Europe’s top money manager Amundi lends weight to Chinese stocks as market looks for sustained rebound
- Amundi sees room for constructive view on Chinese stocks as economy regains lost ground in second half
- Stocks in Hong Kong logged gains in May, reversing a multi-month slump triggered by Covid lockdown concerns
“Valuations are extremely attractive and have already priced in all the bad news on the fundamentals side,” said Alessia Berardi, head of emerging macro and strategy research at Amundi Institute, part of the Paris-based fund manager with US$2.17 trillion of assets. A shift towards stronger policy support “is clearly a trigger to become even more constructive”.
Investors were rewarded for turning bullish on the market after the Hang Seng Index jumped 1.5 per cent in May to halt a three-month slide. The Tech Index, which holds tremendous sway on market mood, climbed 0.3 per cent to reverse a 30 per cent cumulative loss in the past six months.
The MSCI China Index of 744 stocks trades at 10.1 times 2023 earnings, the cheapest since 2013 when they fetched 9.8 times, according to Bloomberg data.
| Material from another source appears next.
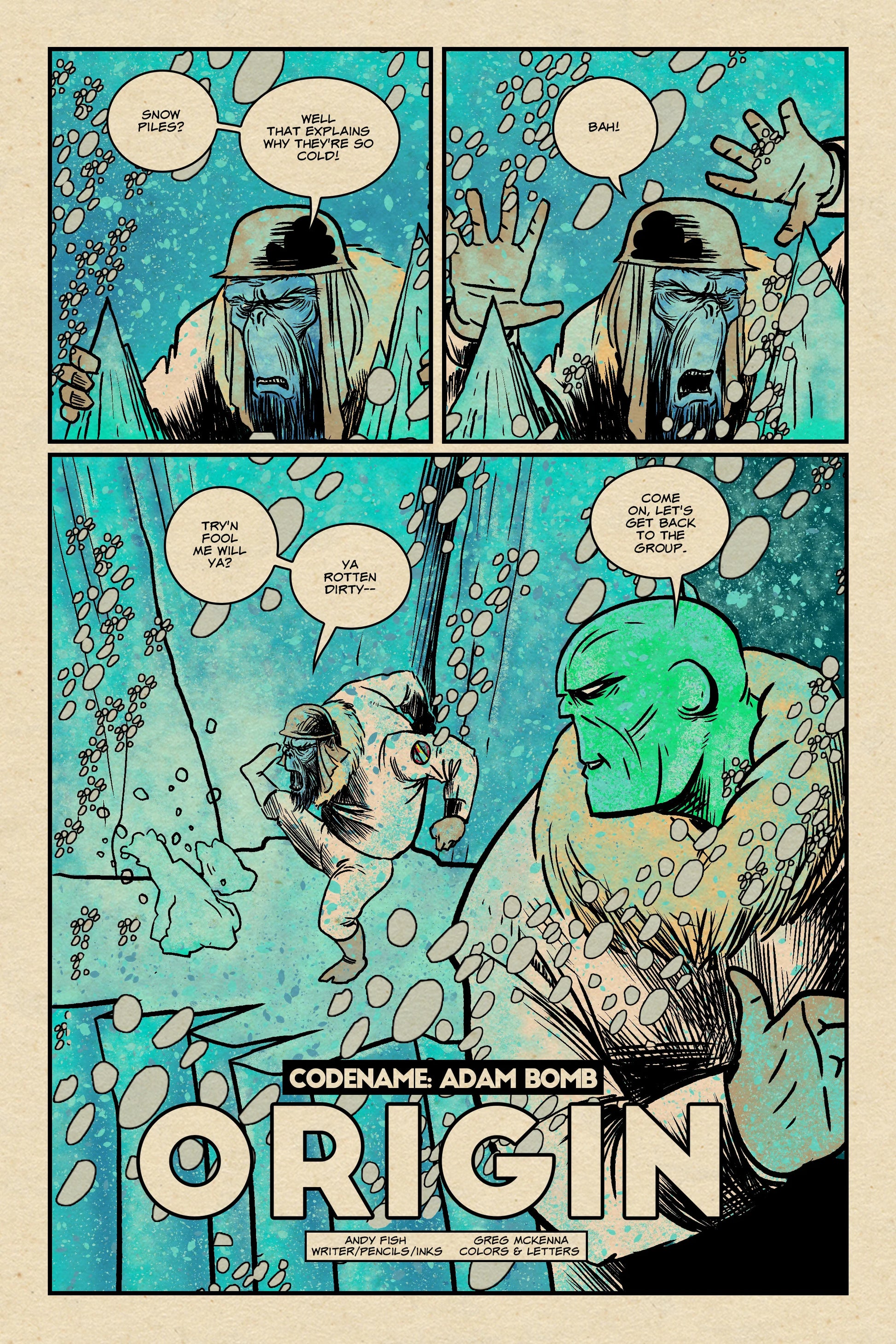 ADAM BOMB'S origin is uncovered by an investigative reporter while on a secret mission to the Icy Plains of Greenland!

The gauge has declined 17.5 per cent this year, on top of a 21.6 per cent loss in 2021.
The rebound last month may extend as optimism returned after Shanghai ended a two-month citywide lockdown on June 1, allowing carmakers like Tesla to scale up production and logistics players to repair supply-chain breakdowns. That could help recoup US$605 billion of market value lost from this year’s slump in Hong Kong.